Iranian Weblogistan has continued to proliferate as weblogs have begun discussing myriad topics, including for example: sports, health and hygiene, lifestyle, caricatures and jokes, and current affairs. Data collected during October 2006 from four of the major Persian weblog hosts (PersianBlog, BlogFa, Mihanblog, and Parsiblog) indicate a subtotal of 178,957 weblogs classified by subject.[26] Traffic rankings by Alexa also reveal that 87 percent of all users of these specific hosts originate from Iran and the rest are from countries with high rates of Iranian immigrants (the United Arab Emirates, Canada, the United States, Sweden, and Germany).[27] Although these figures change constantly, 500-600 new weblogs are added daily to PersianBlog alone.[28] The following diagram indicates the major tendencies of Iranian-based weblog topics as: daily family life (29 percent), culture (19 percent), computer technology (17 percent), and personal experiences (13 percent).

It comes as no surprise that the sensitive category of ‘politics’ is not included in the list of categories that bloggers define as subjects of their weblogs. It would be wrong to assume that politics is not a major topic in Weblogistan. Despite the risks involved, highly opinionated and frequently well-informed Iranian-based bloggers also comment on domestic and international politics. Debates on political affairs are especially high during times of national crisis, such as the December 2003 earthquake in Bam, the 2006 nuclear row, and local and national elections (in 2004 for the Majlis, in 2005 for the presidency, and in 2006 for municipalities and the Assembly of Experts).

Thus, weblog connectivity has also enabled interactions and collective networking among like-minded savvy net users as well as the discussion of topics of mutual interest worldwide. Sharing ideas and opinions, technological knowledge, and audio-visual files have also become central features of Weblogistan. Online collaborations are also manifested in group blogs, maintained by several authors. For instance, students at the Sharif University of Technology tend to use weblogs as a forum for conversations, community forums, and discussion groups. Another interesting example is the unofficial Iranian cultural documentation of visual street arts weblog, where young artists document and display graffiti, urban signs, and stickers in support of underground artists living in Iran.

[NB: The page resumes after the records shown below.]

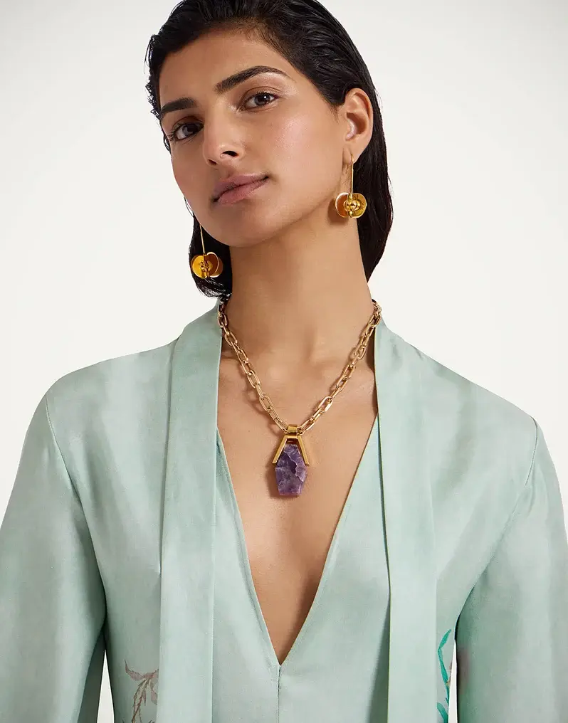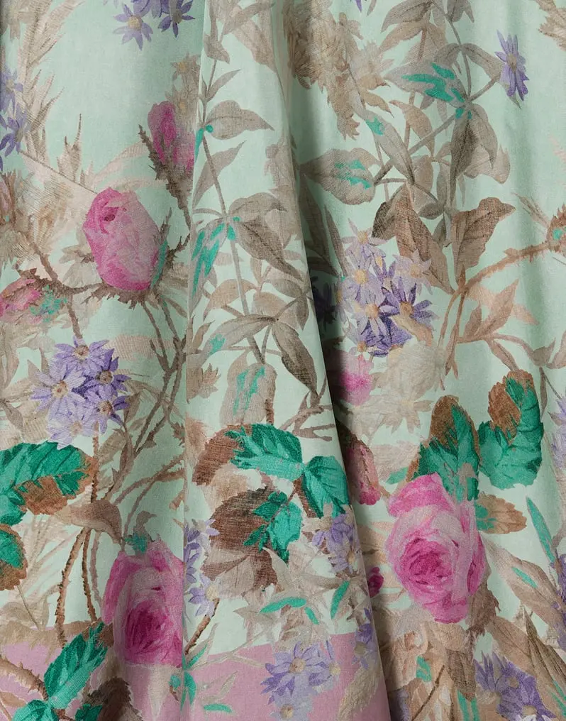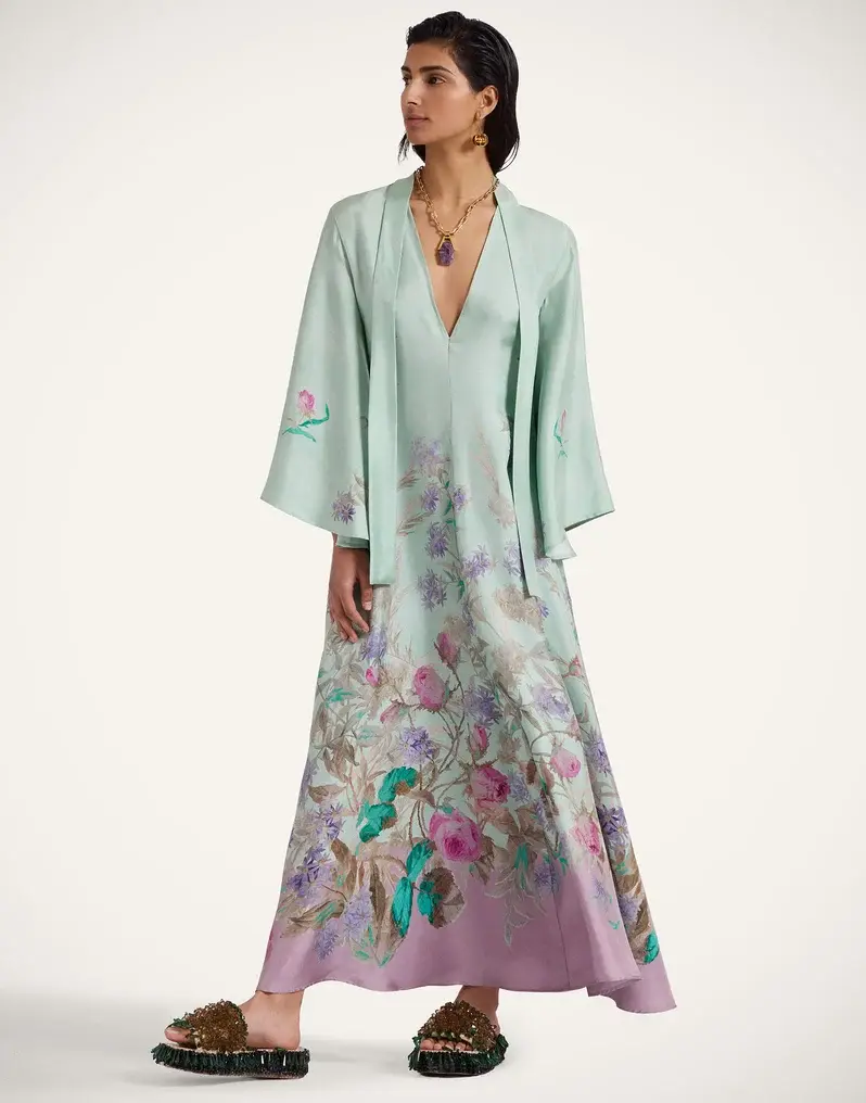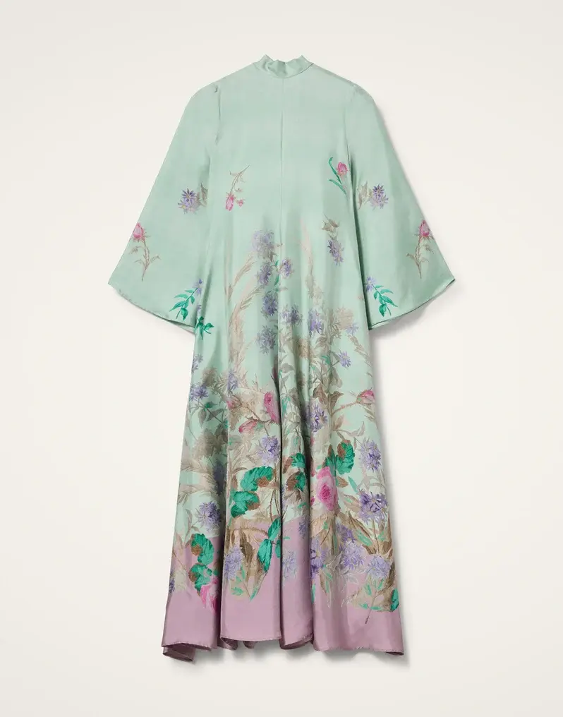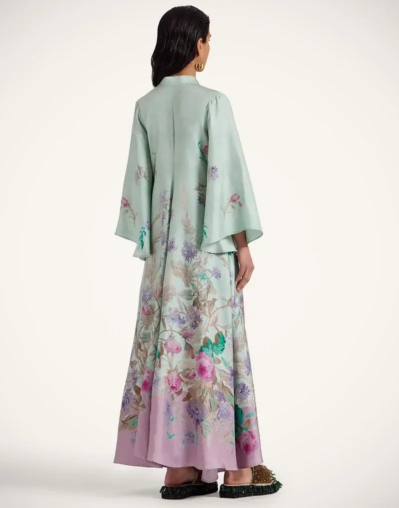 Shouldn't every babe have a dress called the Magnifico hanging in her closet? La DoubleJ believes so! With a stand-up collar, long sash at the back and draped waterfall sleeves, this special number will glide you around the room with an ease and an elegance reserved for the most exclusive of occasions. Cut in our Como-made silk twill with a subtle sheen, it exudes chic Italian elegance in this dazzling print, exquisitely placed by artisan hands.
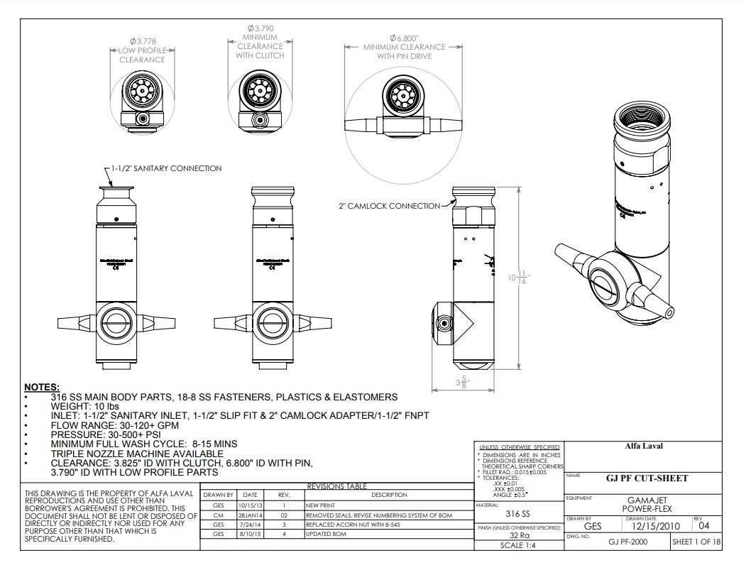 The Alfa Laval Gamajet GJ PF tank cleaning machine was specifically engineered to offer the most efficient and effective cleaning for vessels with capacities of 5,000 to 25,000 gallons. The durable machine offers optimal cleaning at a variety of pressures and flows. The sanitary design of the GJ PF makes it ideal for use in a variety of applications from food & beverage to transportation and chemical, for both portable and permanent applications. All components of the GJ PF are made from FDA compliant materials. The key to the GJ PF’s versatility and durability is the use of an oversized gear head that efficiently generates the proper torque to rotate the unit. The larger components last 20-30% longer than traditional drive mechanisms, making the GJ PF Alfa Laval’s most durable design to date. The large gear reduction allows the GJ PF to operate at lower pressures and higher flows when compared to other tank cleaning machines. Like other Alfa Laval tank cleaning machines, the GJ PF uses the same proven Alfa Laval impingement cleaning pattern, scouring 100% of the tank, every time.
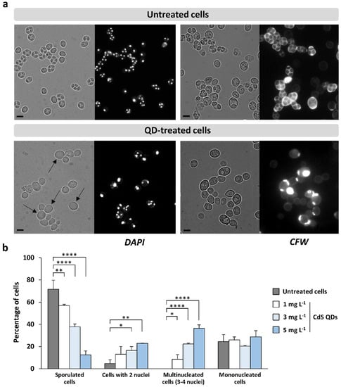 CdS QDs strongly affect the sporulation process. (a) Z239-6B-6B diploid strain was grown in sporulation conditions in the presence (or not) of CdS QD treatment (1–5 mg L−1); after 72 h, cells were then stained with DAPI and calcofluor white (CFW) and analyzed using fluorescence microscopy. CdS QD treatment caused the formation of asci containing three or four nuclei but with the absence of refractile spores (multinucleated cells, indicated by black arrows). Representative images (scale bars, 5 µm) of untreated and CdS QD-treated (5 mg L−1) cells are shown. (b) The percentage of cells (relative to the total number of cells stained with DAPI) representative of each phenotypic category was quantified. The values shown in the histograms are the mean (±standard deviation) of three independent experiments performed in triplicate. Significance was determined by one-way ANOVA with Dunnett’s multiple comparisons test. * p < 0.05; ** p < 0.01; **** p < 0.0001.
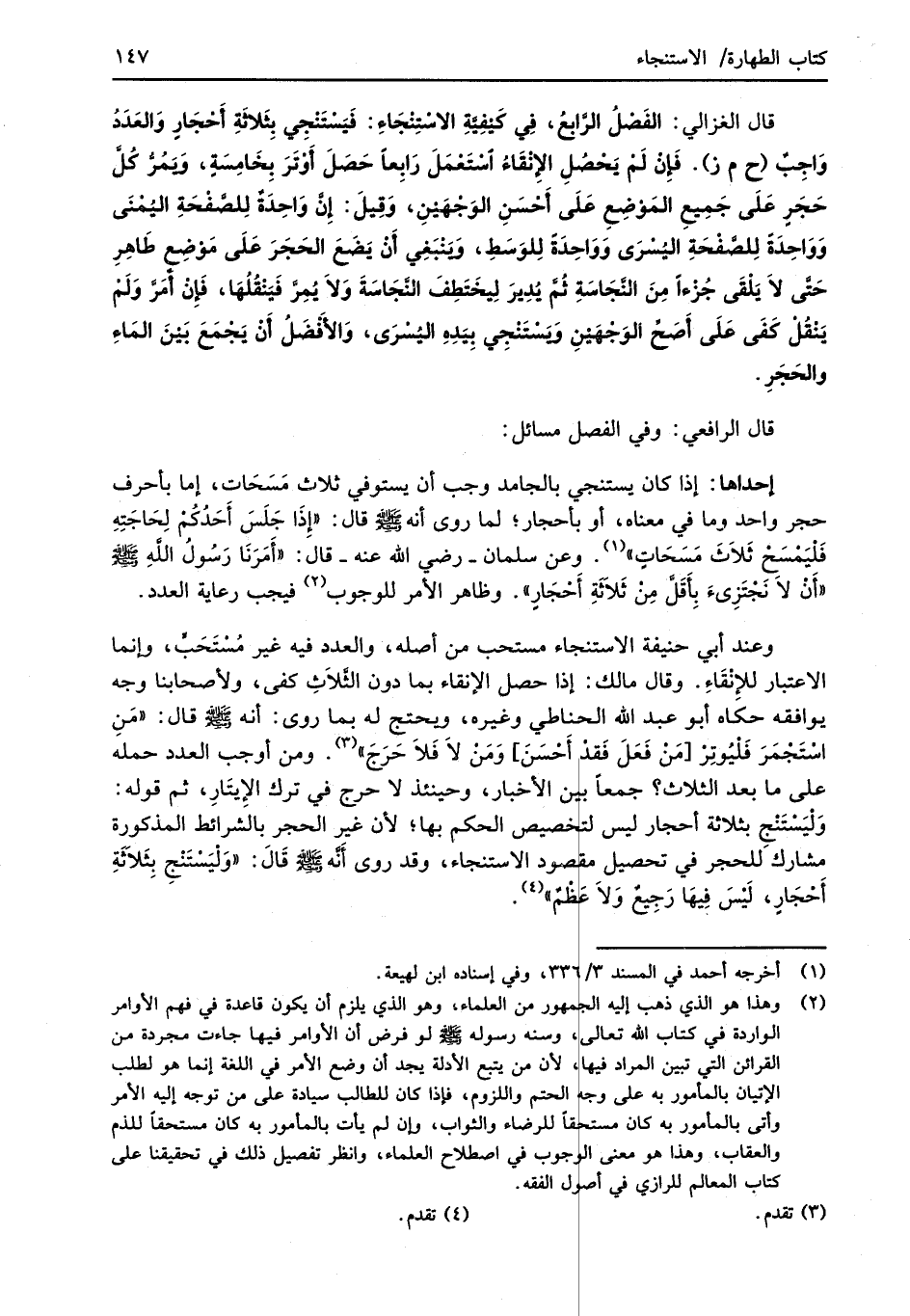 قال الغزالي: الفَصْلُ الرَّابعُ، فِي كَيْفِيَّةِ الاسْتِنْجَاءِ: فَيَسْتَنْجِي بِثَلاَثةِ أَحْجَار وَالعَدَدُ وَاجِبٌ (ح م ز). فَإِنْ لَمْ يَحْصُلِ الإِنْقَاءُ اسْتَعمَلَ رَابِعاً حَصَلَ أَوْتَرَ بِخَامِسَةٍ، وَيَمُرُّ كُلَّ حَجَرٍ عَلَى جَمِيعِ المَوضِعِ عَلَى أَحْسَنِ الوَجْهَينِ، وَقِيلَ: إِنَّ وَاحِدَةٌ لِلصَّفْحَةِ اليُمْنَى وَوَاحِدَةً لِلصَّفْحَةِ اليُسْرَى وَوَاحِدَةً لِلوَسَطِ، وَينْبَغِي أَنْ يَضَعَ الحَجَرَ عَلَى مَوْضِع طَاهِرِ حَتَّى لاَ يَلْقَى جُزْءاً مِنَ النَّجَاسَةِ ثُمَّ يُدِير لِيخَتَطِفَ النَّجَاسَةَ وَلاَ يُمِرَّ فَيَنْقُلُهَا، فَإنْ أمَرَّ وَلَمْ يَنْقُلْ كَفَى عَلَى أَصَحَّ الوَجْهيْنِ وَيَسْتَنْجِي بِيَدِهِ اليُسْرَى، وَالأَفْضَلُ أَنْ يَجْمَعَ بَيْنَ المَاءِ والحَجَرِ.

Hitherto, the circumstances that cultivated Weblogistan and its considerable growth in the Islamic Republic have been outlined. This background highlights some of the major challenges Weblogistan has posed to the Islamic Republic in recent years. By facilitating worldwide interactions and national collaborations, Weblogistan has been compromising many of the country’s social and political restrictions.


Emerging as an integral part of the international blogosphere, Weblogistan has developed into a global space that does not abide by any standards of ethics or practices. Since the Islamic Republic has been promoting public internet use, in particular from the mid-1990s, Weblogistan was initially allowed to develop without any serious restrictions by the authorities.[29] As such, weblogs manifest potential hazards to expression and behavioral taboos that have prevailed in the country ever since the establishment of the Islamic Republic.

By cutting across age, class, ethnic, and geopolitical boundaries, the internet in general and weblog connectivity in particular have been loosening some of the state’s fundamental perceptions concerning social order and its sex segregation policies. Free and anonymous expression mediated by computers and practiced in the privacy of one’s home (or an isolated computer station) has also enabled the dismantling of social and physical restraints. The unedited, and informal nature of weblogs has turned them into a source of empowerment for Iranian youth and especially for Iranian women. It enables them to access critical information (such as health and law), form online communities, gain social support, and experience mixed gender interactions. Ever since the early 1980s, the Islamic Republic has displayed sheer consistency in enforcing sex segregation measures. The most conspicuous forms are the compulsory chador (veil) for women and routine moral patrols clamping down on parks, restaurants, and other public places where young couples tend to group. Indeed, moral concerns over indecent and subversive internet content are not exclusive to the Islamic Republic,[30] yet they have been especially troubling for states such as Iran and Saudi Arabia, which restrict interaction between men and women who are not related.[31]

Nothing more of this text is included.